One possible solution is staff “hang outs”, where staff work live with their video cameras on, outside formal meeting times, for 2-3 times per week. 

3. CEO guidance regarding Coronavirus responses

1. Lean into “agile” and the opportunities that come with it 

Translate your more agile operating rhythm into more agile communication, if you haven’t already. Review your comms mix: think about getting messages to external and internal stakeholders quickly and easily using pre-recorded videos, live webinars and social media. Stakeholders both internal and external are rewarding these methods right now. 

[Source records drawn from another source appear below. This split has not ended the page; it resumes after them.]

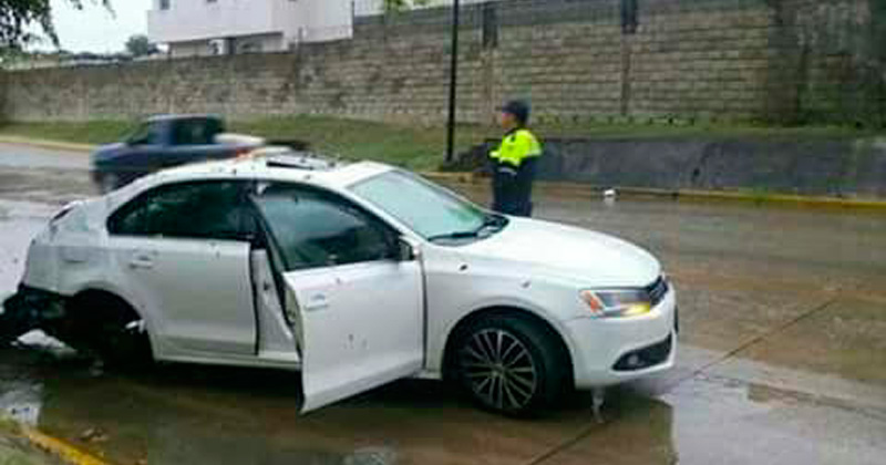 Agentes de tránsito informaron que el conductor se desplazaba a más de cien kilómetros por hora, y ante el pavimento mojado, perdió el control del volante, siendo esta la causa del brutal percance.
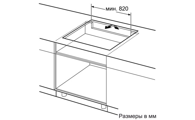 Размеры ниши для встраивания: 880 мм x 490 мм
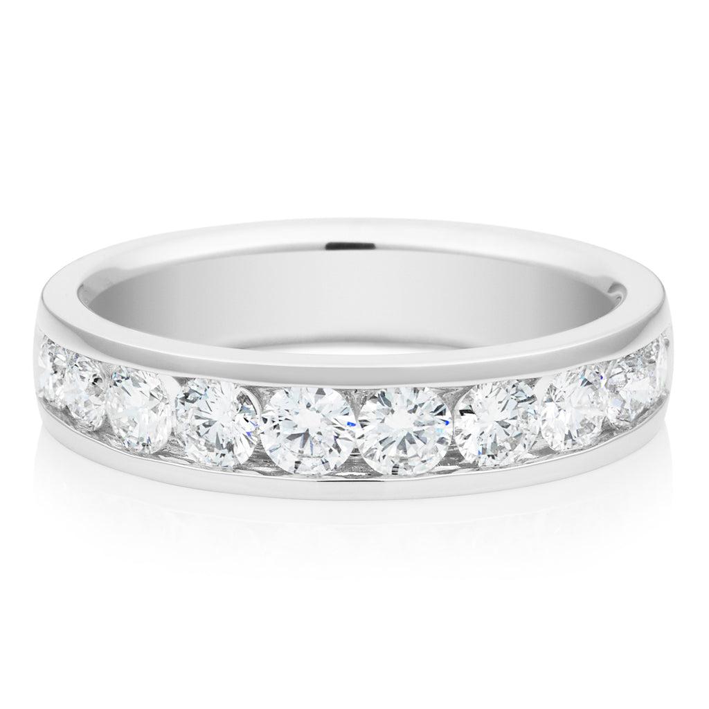 Celebrate eternal love with this Diamond Wedding Band. Featuring 1 Carat tw of round brilliant cut diamonds in a channel setting, finished with 18ct White Gold.
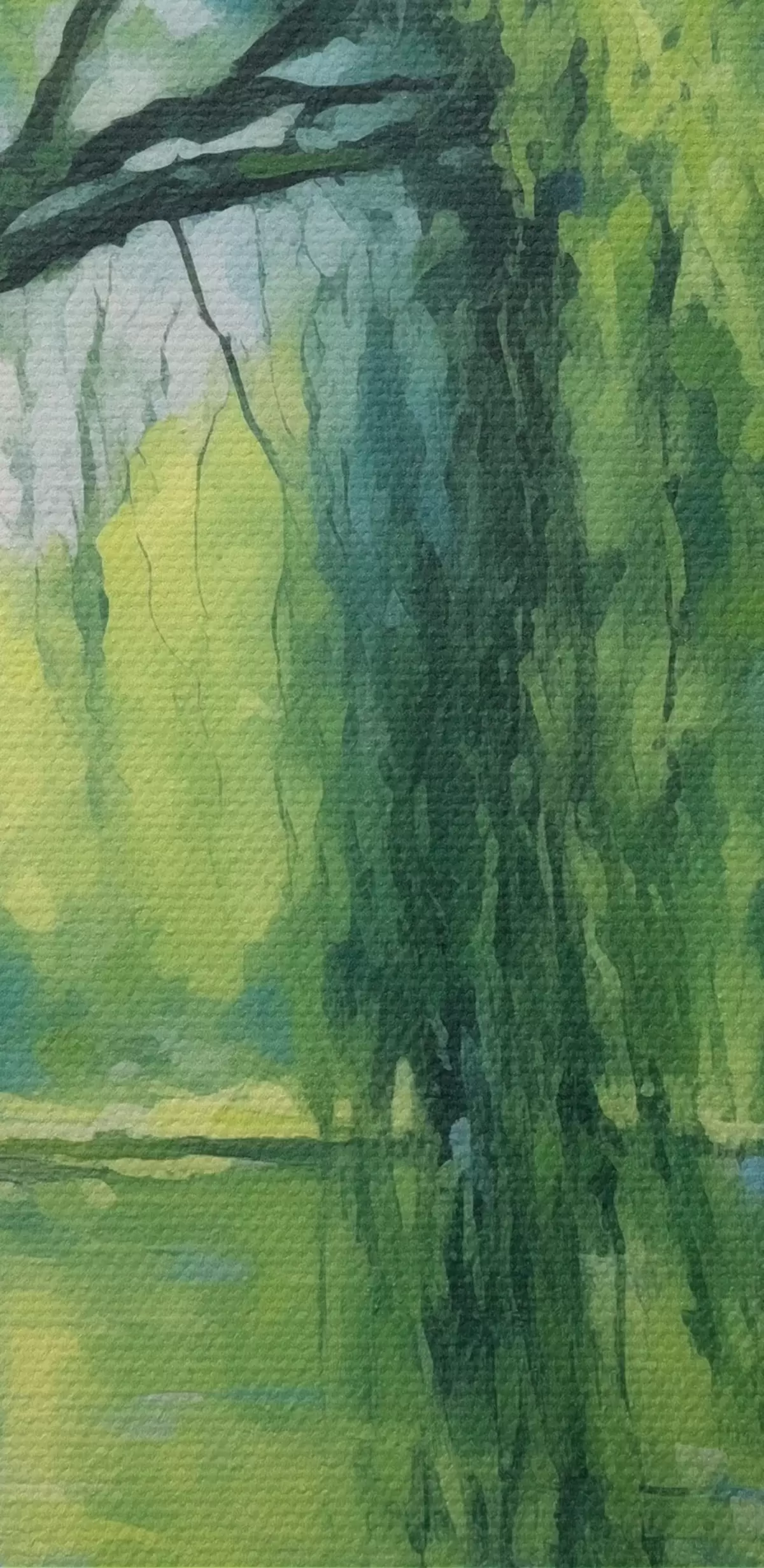 Het schilderij kan direct na ontvangst worden opgehangen. Het schilderij wordt opgespannen op een 2 cm breed houten spieraam.
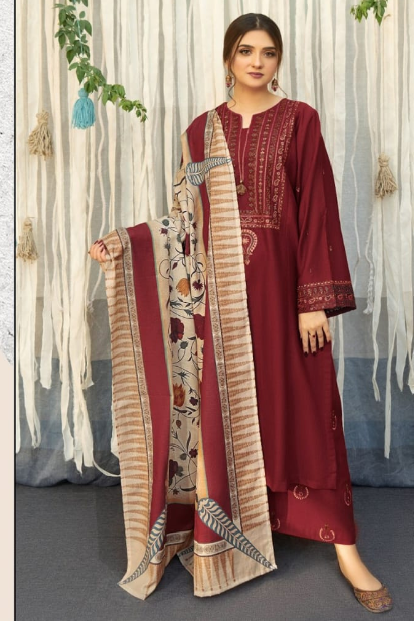 URGE AIRJET DHANAK 3PC MAROON EMBROIDERED SUIT WITH PRINTED SHAWL
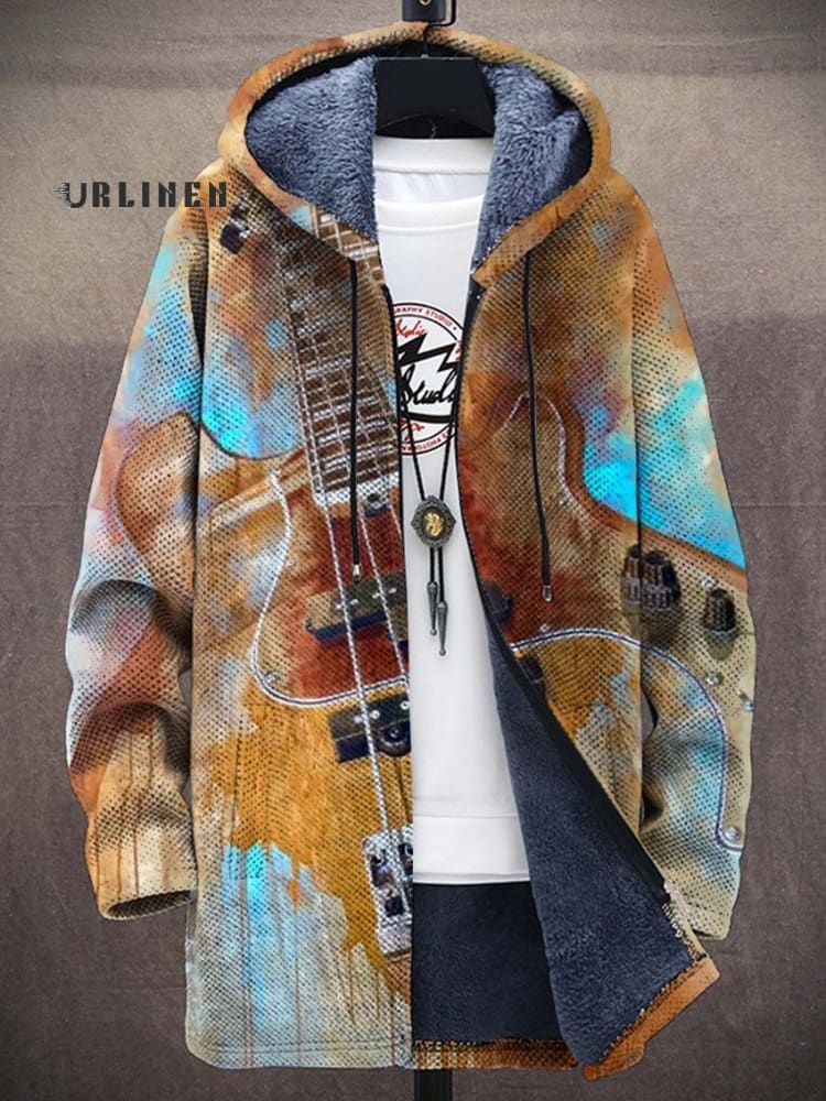 Ink Guitar Music Vintage Print Casual 100% Cotton Shirt
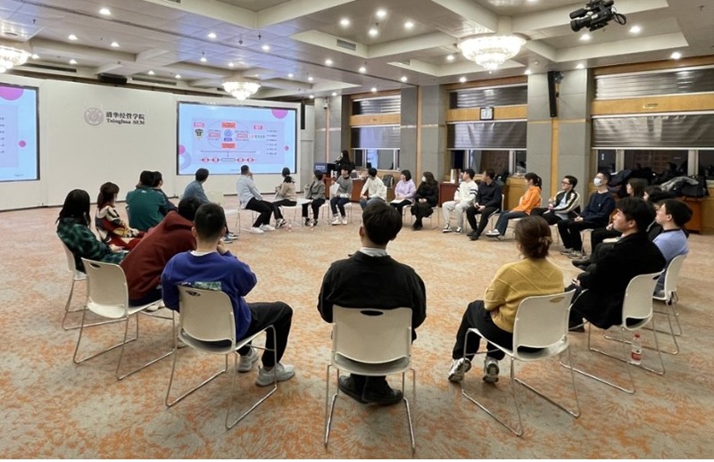 赵冬青代表学院向“经雁计划”第一期顺利开班表示祝贺,并结合自身“双肩挑”工作经历与“经雁计划”学员分享感悟。她指出,一个优秀的社会工作者不仅是责任的承担者,还须心胸宽广、具有大局观,同时具备良好的人际关系和沟通能力。她期望全体学员通过“经雁计划”这一平台,在实践中不断学习成长,努力做到知行合一,成为责任担当者、心胸开阔者、人际关系协调者,努力成为素质更全面、能力更完整的清华经管研究生社工骨干。
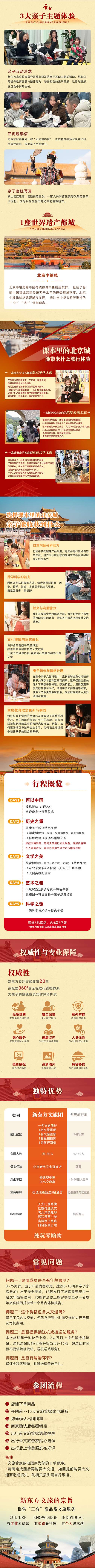 机构简介:1993年北京新东方学校成立,而后壮大为新东方科技集团。从教育领域出发,经过32年创新发展,集团业务目前已涵盖教育服务、生活服务、文旅服务三大领域。2005年北京新东方游学、研学、营地开始营运,到2023年正式开拓文旅版图。依托新东方32年知识传播和优质师资优势,新东方文旅集团面向中老年、亲子及青少年群体提供康养旅居、文化旅游、研学、国际游学和营地教育等高品质服务,致力于满足不同群体的精神需求、成长需求、社交需求。从教育、生活到文旅服务,我们将奋楫笃行,打造有文化幸福感、有知识获得感、有个人追求感的高品质文旅体验。愿景使命打造有知识获得感、文化幸福感、个人追求感的高品质文旅服务。 作为中国游学行业的开拓者和引领者,新东方文旅希望能够打造安全、高品质、专业的中国国际游学行业知名教育品牌,让孩子们早日去了解世界,让孩子们把世界带回中国! 基于北京新东方学校32年的教育经验优势,新东方文旅希望能让有着丰富知识内涵的新东方老师们,成为热爱分享文化与知识的导游,带着人们在行走的过程中,穿越时空,眺望那些曾经的历史故事与人生海海,在岁月与文明中,去感知那些伟大的精神和厚重的中国文化!6 大类核心竞争力6 种高端产品项目3 类商务定制案例1 套产品定制流程

2. Manage “in the moment” but keep an eye on the future

We previously gave guidance to split your teams into BAU and COVID-19 to help ensure focused and appropriate management of both.  Now you might want to consider, depending on the size of your business, allocating a person or team to post-COVID-19 opportunities. Our clients, firm and peers are finding opportunities, but it takes focus and dropping some of the previous thinking constrained by “what is” to move into “what if?”  

3. Listen 

We’ve seen some tone-deaf corporate communication. That’s easily avoided with social listening, watching any sources of stakeholder feedback or seeking external counsel.